Petrol prices across Perth are approaching their highest level in four years and could be stuck there for months despite service station competition growing.
Australian Institute of Petroleum figures show that the price of unleaded petrol in Perth averaged 151.2¢ a litre last week.
It surpassed the highest price recorded this year — in June when unleaded in the city averaged 150.2¢ a litre.
Another increase in coming days could push prices towards an average $1.52, which would be the highest since early 2014.
It is not just Perth motorists forking out more, with average prices in all major capital cities above the $1.50 a litre mark.
CommSec economist Ryan Felsman said motorists should be prepared for petrol pain through the school holidays and beyond.
“Unleaded petrol prices are likely to stay at $1.50 to $1.60 a litre for the foreseeable future due to a combination of elevated wholesale unleaded petrol and global oil prices,” he said.
The soaring petrol prices comes as the Australian Competition and Consumer Commission says increased competition in the service station sector should be putting downward pressure on prices. The commission found that in 2002-03, major brands such as BP and Caltex accounted for 83 per cent of all retail sales.
Their share had fallen to 38 per cent, in part because of a sharp increase in the number of independent retailers.
More recently, the market share of Coles Express and Woolworths had fallen, which the ACCC claimed had been partly driven by the demise of shopper docket discounts.

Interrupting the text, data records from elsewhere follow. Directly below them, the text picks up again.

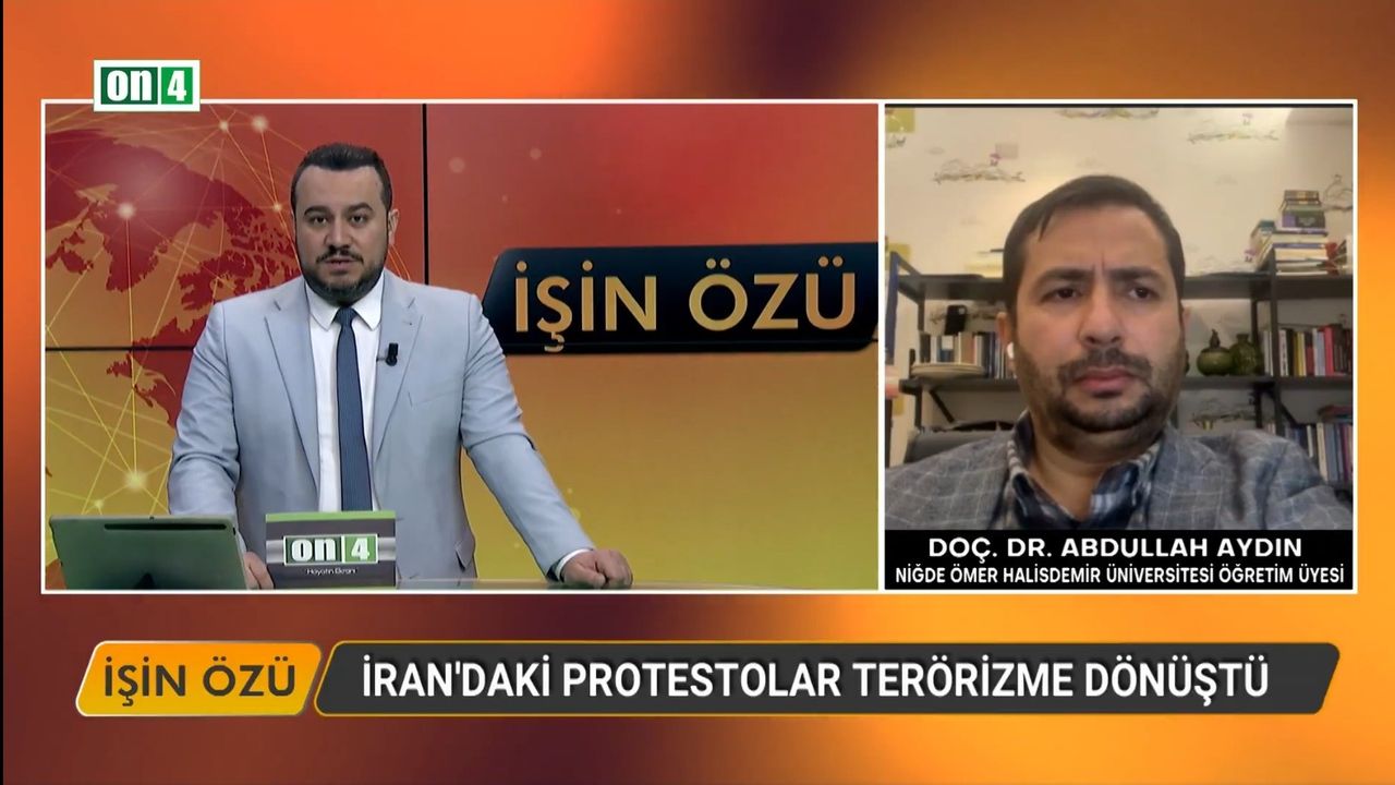 On4. Tv'nin sunum başlığı ise "İran'da haklı gerekçelerle başlayan protestolar nasıl Amerika ve İsrail'in etkisiyle kaosa dönüştü? Niğde Ömer Halisdemir Üniversitesi Öğretim Üyesi Doç. Dr. Abdullah Aydın cevaplıyor" şeklindeydi.
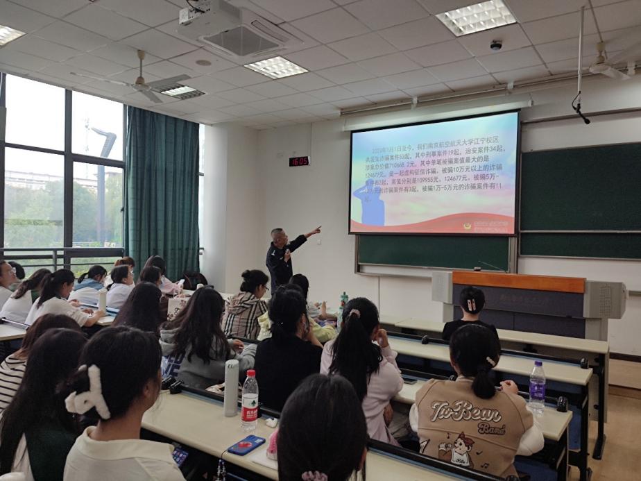 针对近年来电信网络诈骗高发的现状,为进一步提升学院学生的自我保护意识、防范意识,预防网络电信诈骗,切实保护自身财产信息安全,10月19日,vrporn 开展了防范电信网络诈骗专题宣讲活动。活动邀请了江宁公安分局开发区派出所驻南航警务室娄军来警官担任主讲人,vrporn 团委书记李萍、本科生研究生学生代表参加本次活动。
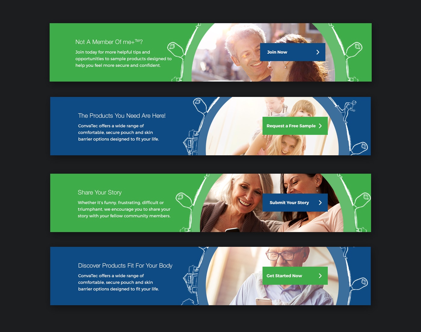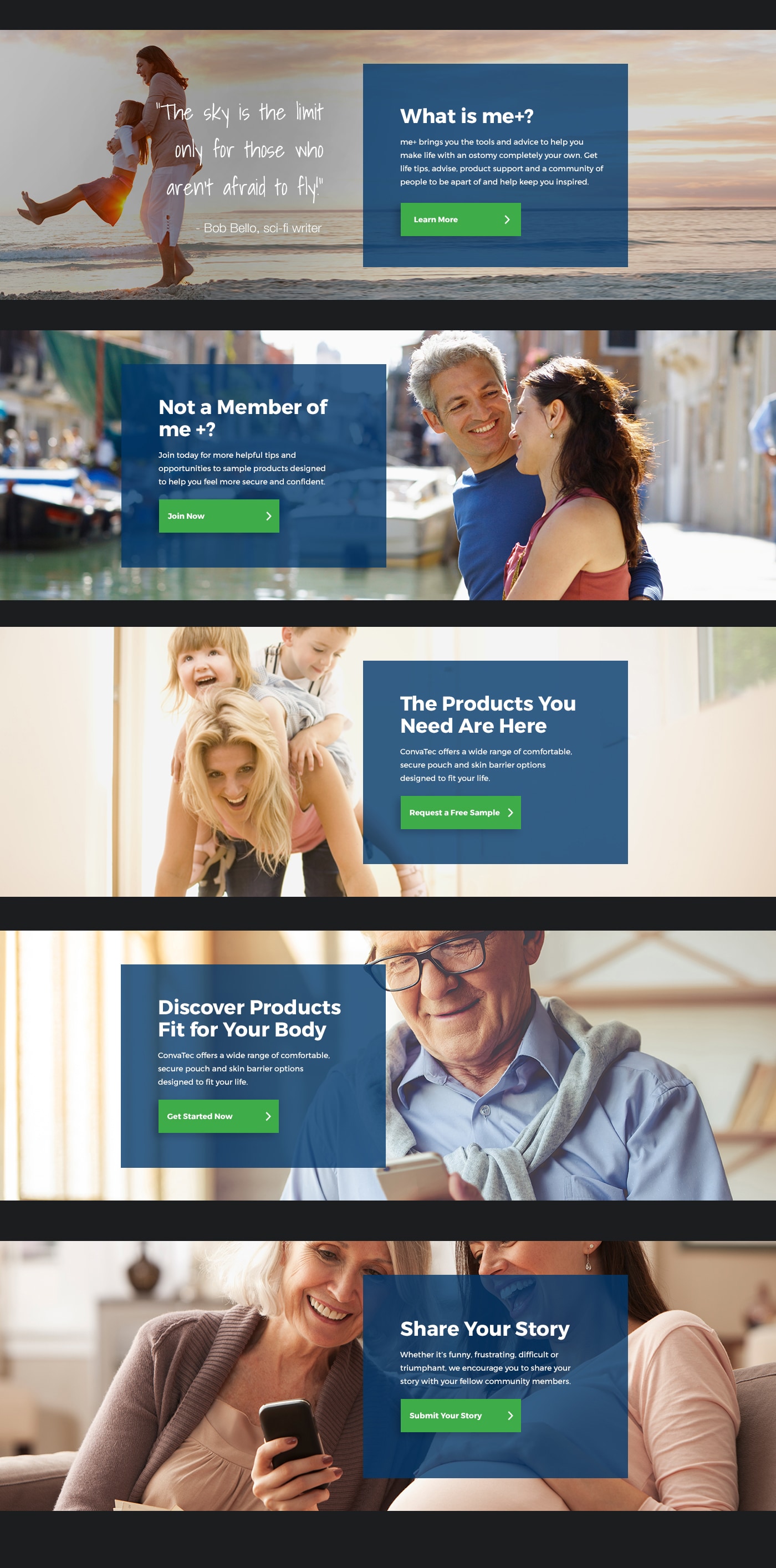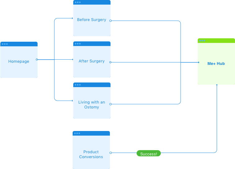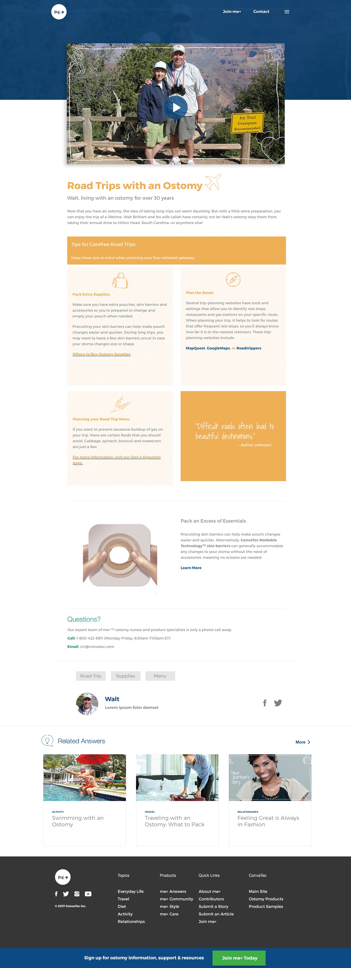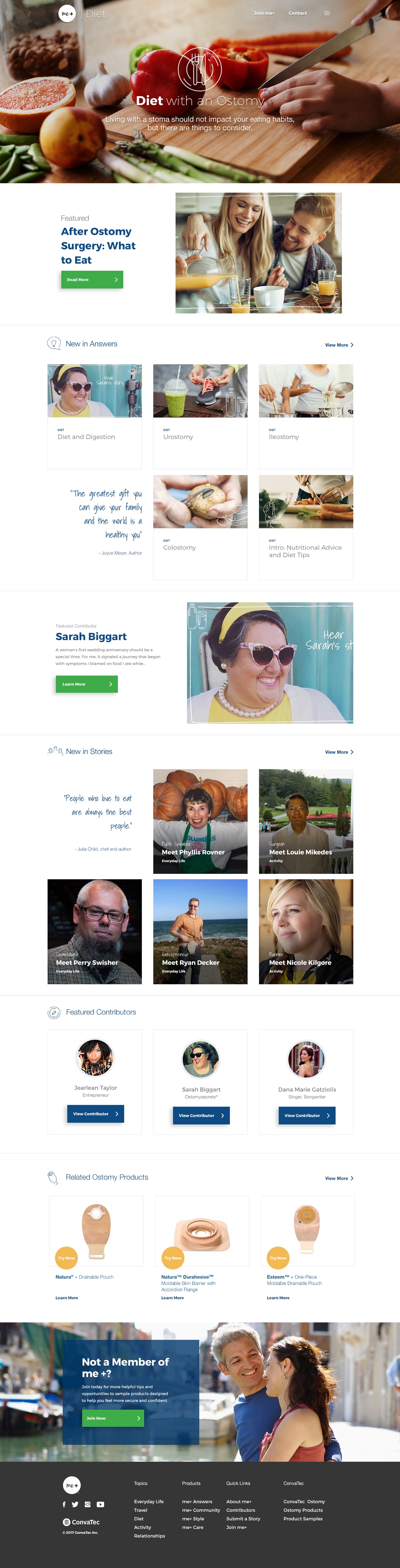 The ostomy me+ program’s web presence was in need of reevaluation. There was a lot of content users could engage with, but it was located in different places across the site. The majority of valuable content was mixed in with corporate content, general ostomy information, and product / sales content. Overall, the pages needed to highlight the value of the program.

Commission chairman Rod Sims said that with extra competition, motorists would be better off.
“The changing dynamic of Australia’s retail petrol market can be beneficial to consumers as it gives them more choice about where they get their fuel,” he said.
“For many consumers, price is the most important factor when determining where to buy petrol. More players in the market means more options of where to buy petrol.”